“Yes, of course!” said the curate impatiently. “But you heard what I said about May coming down?”
“Yes; but what does that matter?”
“Only a long series of lectures to me, which makes my blood boil. I’ve had another unpleasantly, too. I went up to the Hall to see—Sir Thomas—I suppose I must call him now, and he sent me out an insolent message; at least, I thought it so.”
“Never mind, old fellow; we all have our troubles.”
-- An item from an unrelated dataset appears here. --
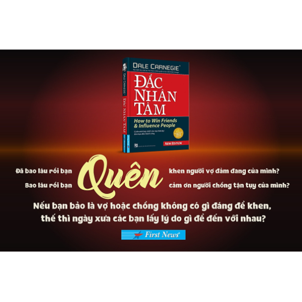 Đắc nhân tâm của Dale Carnegie là quyển sách duy nhất về thể loại self-help liên tục đứng đầu danh mục sách bán chạy nhất (best-selling Books) do báo The New York Times bình chọn suốt 10 năm liền. Được xuất bản năm 1936, với số lượng bán ra hơn 15 triệu bản, tính đến nay, sách đã được dịch ra ở hầu hết các ngôn ngữ, trong đó có cả Việt Nam, và đã nhận được sự đón tiếp nhiệt tình của đọc giả ở hầu hết các quốc gia. Là quyển sách đầu tiên có ảnh hưởng làm thay đổi cuộc đời của hàng triệu người trên thế giới, Đắc Nhân Tâm là cuốn sách đem lại những giá trị tuyệt vời cho người đọc, bao gồm những lời khuyên cực kì bổ ích về cách ứng xử trong cuộc sống hàng ngày. Sức lan toả của quyển sách vô cùng rộng lớn – với nhiều tầng lớp, đối tượng. Đắc Nhân Tâm không chỉ là là nghệ thuật thu phục lòng người, Đắc Nhân Tâm còn đem lại cho độc giả góc nhìn, suy nghĩ sâu sắc về việc giao tiếp ứng xử. Triết lý của Đắc Nhân Tâm là hiểu mình, thành thật với chính mình, từ đó hiểu biết và quan tâm đến những người xung quanh để nhìn ra và khơi gợi những tiềm năng ẩn khuất nơi họ, giúp họ phát triển lên một tầm cao mới. Đây chính là nghệ thuật cao nhất về con người và chính là ý nghĩa sâu sắc nhất đúc kết từ những nguyên tắc vàng của Dale Carnegie. Đây là phiên bản Đắc Nhân Tâm đặc biệt, bìa cứng dày 320 trang, do First News thực hiện và Nhà xuất bản Tổng hợp TP.HCM ấn hành. Một số nguyên tắc – Nghệ thuật ứng xử căn bản: Nguyên tắc 1: Không chỉ trích, oán trách hay than phiền. Nguyên tắc 2: Thành thật khen ngợi và biết ơn người khác. Nguyên tắc 3: Gợi cho người khác ý muốn thực hiện điều bạn muốn họ làm. 6 cách tạo thiện cảm: Nguyên tắc 4: Thật lòng quan tâm đến người khác. Nguyên tắc 5: Hãy mỉm cười! Nguyên tắc 6: Luôn nhớ rằng tên của người khác là một âm thâm êm đềm, thân thương và quan trọng nhất đối với họ. Nguyên tắc 7: Biết lắng nghe và khuyến khích người khác nói về vấn đề của họ. Nguyên tắc 8: Nói về điều người khác quan tâm. Nguyên tắc 9: Thật lòng làm cho người khác cảm thấy họ quan trọng. Báo chí nhắc gì về “Đắc Nhân Tâm” “Nói đến sách nghệ thuật ứng xử thì không thể không nhắc đến "Đắc nhân tâm" của Dale Carnegie. Đây là một trong những cuốn sách gối đầu của nhiều thế hệ đi trước và ngày nay. Với chặng đường hơn 80 năm kể từ khi lần đầu được xuất bản, "Đắc nhân tâm" đã mang đến cho chúng ta bài học vô cùng giá trị đó là nghệ thuật ứng xử để được lòng người. "Đắc nhân tâm" là quyển sách nổi tiếng và bán chạy nhất và có mặt ở hàng trăm quốc gia khác nhau, và hơn thế nữa đây còn là quyển sách liên tục đứng đầu danh mục sách bán chạy nhất do thời báo NewYork Times bình chọn trọng suốt 10 năm liền.” – C, 3 cuốn sách nên đọc đi đọc lại trong đời để ngẫm về cuộc sống “Đắc Nhân Tâm – của tác giả Dale Carnegie là quyển sách nổi tiếng nhất, bán chạy nhất và có tầm ảnh hưởng nhất của mọi thời đại. Tác phẩm đã được chuyển ngữ sang hầu hết các thứ tiếng trên thế giới và có mặt ở hàng trăm quốc gia. Một khám phá rất thú vị dành cho các bậc phụ huynh khi đọc cuốn sách này là biết cách lắng nghe trò chuyện cùng con, cách trị chứng tè dầm của trẻ nhỏ, hay cách làm cho một đứa trẻ từ quậy phá thành ngoan ngoãn… Đó hẳn là những câu chuyện nuôi dạy trẻ rất đúng, rất hay, rất đời thường đáng để bạn đọc suy ngẫm và chiêm nghiệm”. – M, Đắc nhân tâm: ‘Cha đã quên’ nhắc những điều nên nhớ “Đắc Nhân Tâm” đưa ra những lời khuyên về cách cư xử, ứng xử và giao tiếp với mọi người để đạt được thành công trong cuộc sống. Đây được coi là một trong những cuốn sách nổi tiếng nhất, bán chạy nhất và có tầm ảnh hưởng nhất mọi thời đại mà bạn không nên bỏ qua.” – C, 20 câu nói vàng đáng nhớ từ tuyệt tác để đời “Đắc Nhân Tâm”. Về tác giả Dale Breckenridge Carnegie (24 tháng 11 năm 1888 – 1 tháng 11 năm 1955) là một nhà văn và nhà thuyết trình Mỹ và là người phát triển các lớp tự giáo dục, nghệ thuật bán hàng, huấn luyện đoàn thể, nói trước công chúng và các kỹ năng giao tiếp giữa mọi người. Ra đời trong cảnh nghèo đói tại một trang trại ở Missouri, ông là tác giả cuốn Đắc Nhân Tâm, được xuất bản lần đầu năm 1936, một cuốn sách thuộc hàng bán chạy nhất và được biết đến nhiều nhất cho đến tận ngày nay. Ông cũng viết một cuốn tiểu sử Abraham Lincoln, với tựa đề Lincoln con người chưa biết, và nhiều cuốn sách khác. Carnegie là một trong những người đầu tiên đề xuất cái ngày nay được gọi là đảm đương trách nhiệm, dù nó chỉ được đề cập tỉ mỉ trong tác phẩm viết của ông. Một trong những ý tưởng chủ chốt trong những cuốn sách của ông là có thể thay đổ

“Not going to trouble,” said the curate quietly. “Coming my way?”
“No. I want another word with Moredock, and then I’m going home.”
“Ah, he’s a queer old fellow,” said the curate, glancing towards the sexton as he went round the chancel with a crowbar over his shoulder, the old man turning to give both a cunning, magpie-like look, as he went out of sight.
The two friends parted, and then North followed the sexton.
“I don’t like it,” he muttered. “Salis would be horrified; he would never forgive me; and yet to win the sister’s, I am risking the brother’s love. Oh, but it is more than that,” he said excitedly; “far more than that. It is in the service of science and of humanity at large. I can’t help it. I must—I will!”
There was tremendous emphasis on that “I will!” and, as if now fully resolved, he went to where the old sexton was scraping and chopping about the entrance of the mausoleum, and sometimes stooping to drag out a luxuriant weed.